Second, a ton of froth has already been expunged from the stock market. Most of the speculative turkeys that flew to the moon in 2020 and 2021 have experienced corrections of 70-90%. Even the huge and profitable so-called FAANGM stocks – Facebook (Meta), Apple, Amazon, Netflix, Google (Alphabet) and Microsoft – were down an average of 40% last year. Valuations of the great businesses we own in the Odlum Brown Model Portfolio1 range from outstanding to reasonable. We believe they will be bigger, more profitable and more valuable three to five years from now.

Third, we believe investors would be wealthier if they treated their stocks like their home. For most people, their home is their most valuable asset because they hold it through thick and thin. They don’t make the mistake of selling it when headlines are negative. At the beginning of the pandemic, I thought we were in for a long and nasty recession. If we had made a wholesale shift out of the market at that time, our Model Portfolio wouldn’t be up more than 35% since the end of 2019 – and that is despite last year’s drawdown.
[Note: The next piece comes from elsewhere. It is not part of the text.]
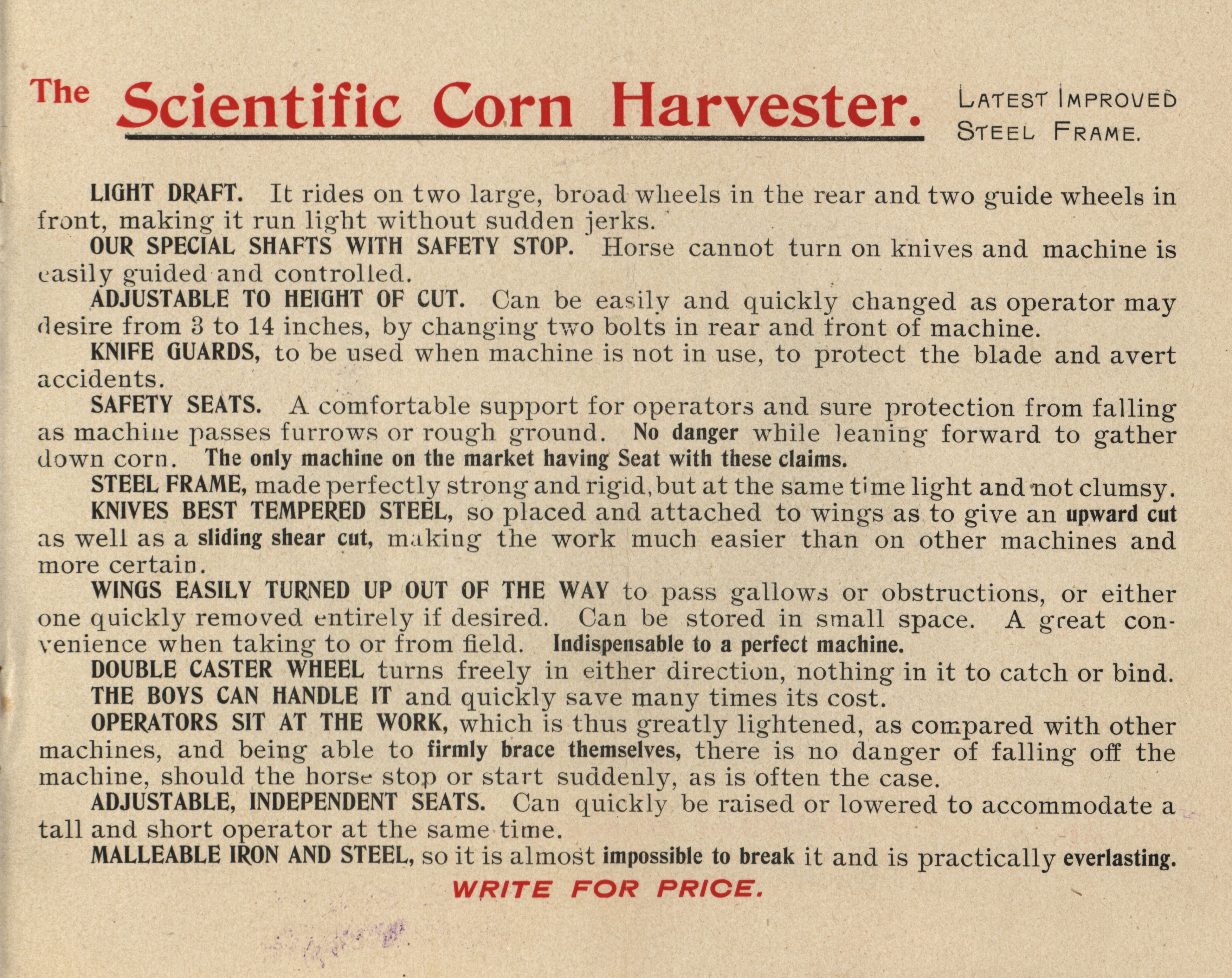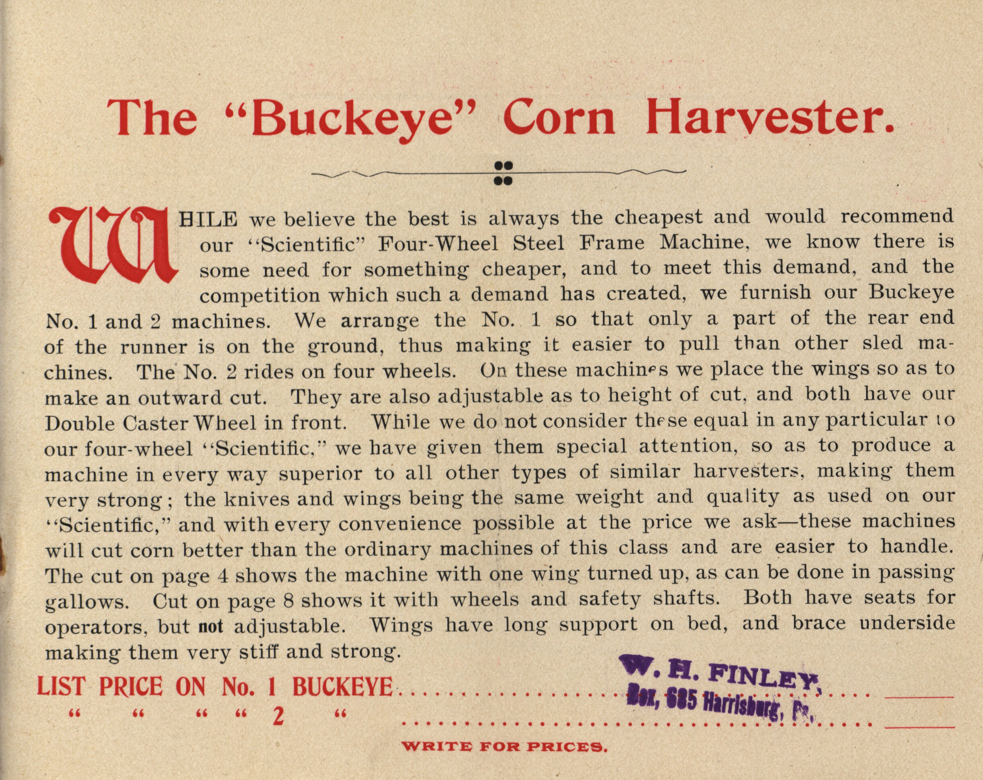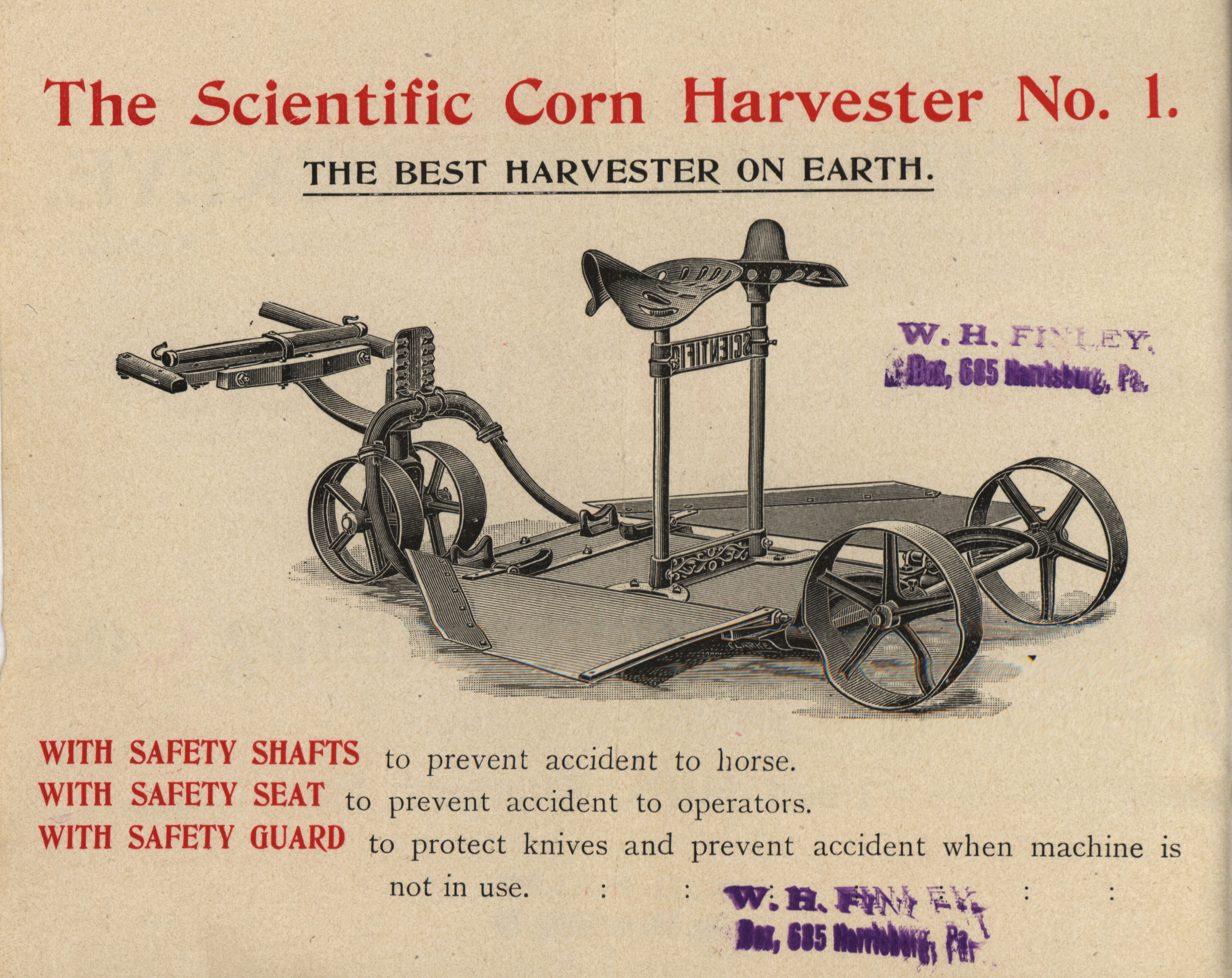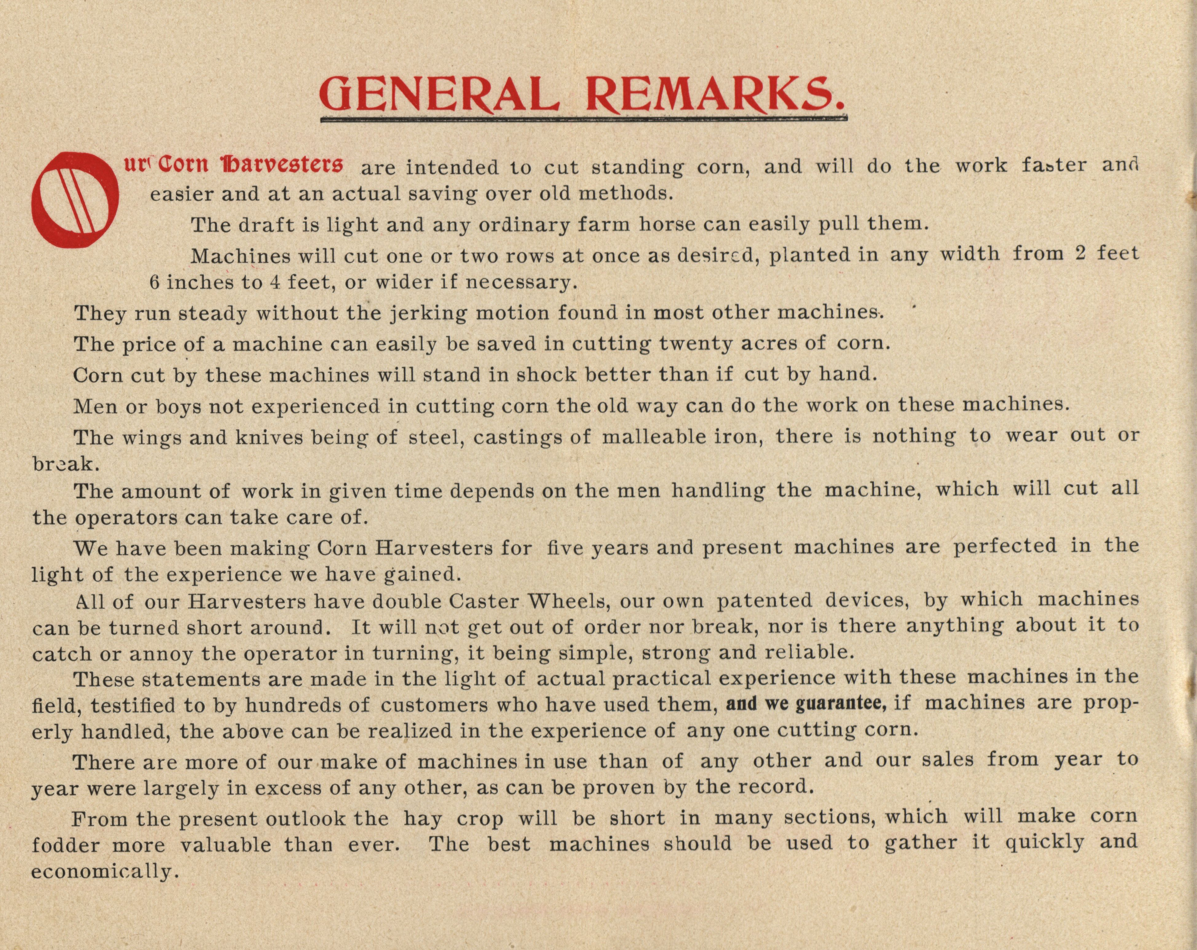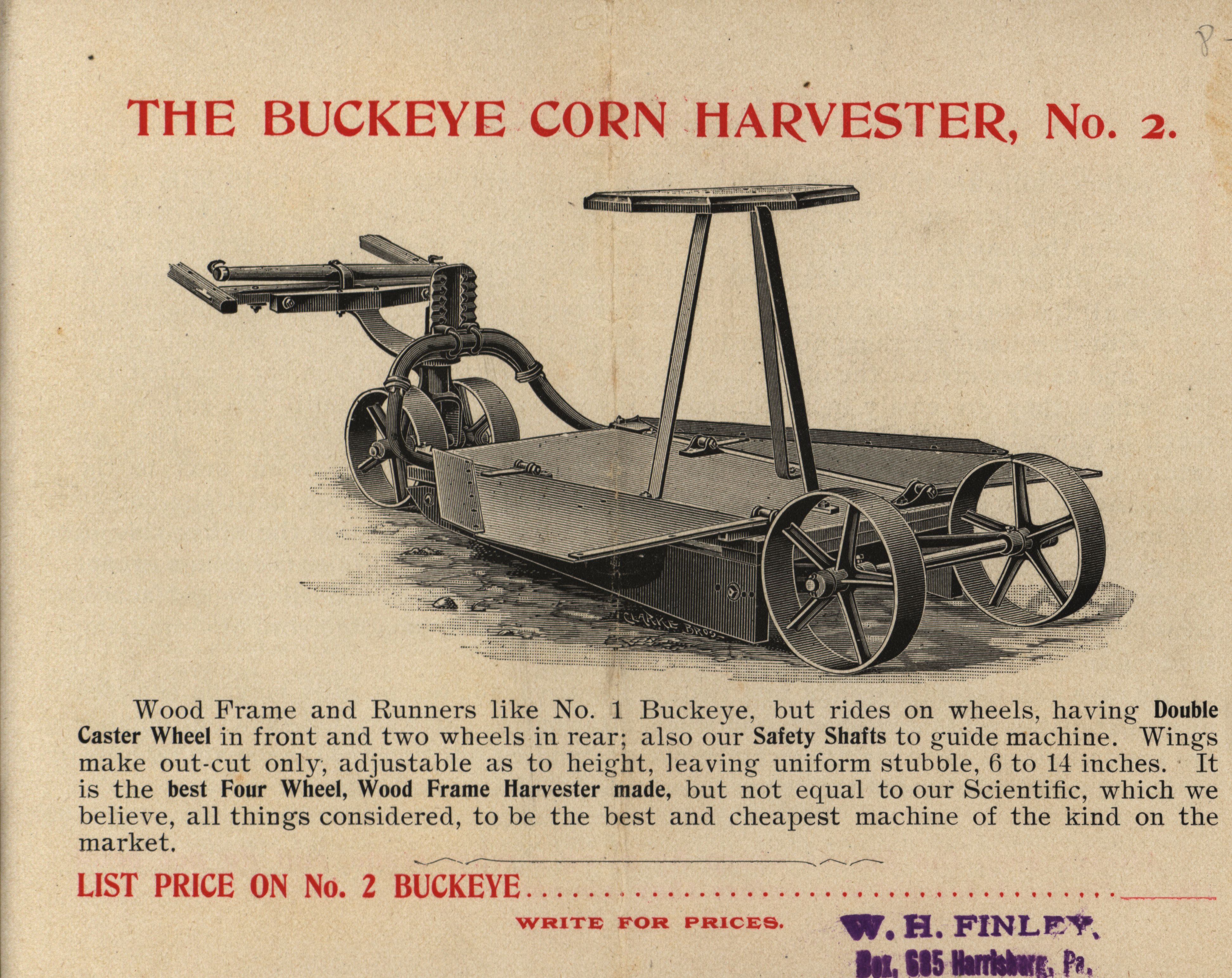 - Illustrated catalog describing the corn harvesters offered by The Food Manufacturing Company in 1896.

One final consideration: Odlum Brown and our clients have prospered over the last 100 years despite World War II, the Great Depression, the inflationary 1970s, the 1987 crash, the bursting of the dot-com bubble, the financial crisis and the pandemic. Preserving and growing wealth is not about the economy. It’s about building a trusted relationship with your advisor, having a sensible long-term plan and, most of all, sticking to it. 



1 The Odlum Brown Model Portfolio is an all-equity portfolio that was established by the Odlum Brown Equity Research Department on December 15, 1994, with a hypothetical investment of $250,000. It showcases how we believe individual security recommendations may be used within the context of a client portfolio. The Model also provides a basis with which to measure the quality of our advice and the effectiveness of our disciplined investment strategy. Trades are made using the closing price on the day a change is announced. Performance figures do not include any allowance for fees. Past performance is not indicative of future performance.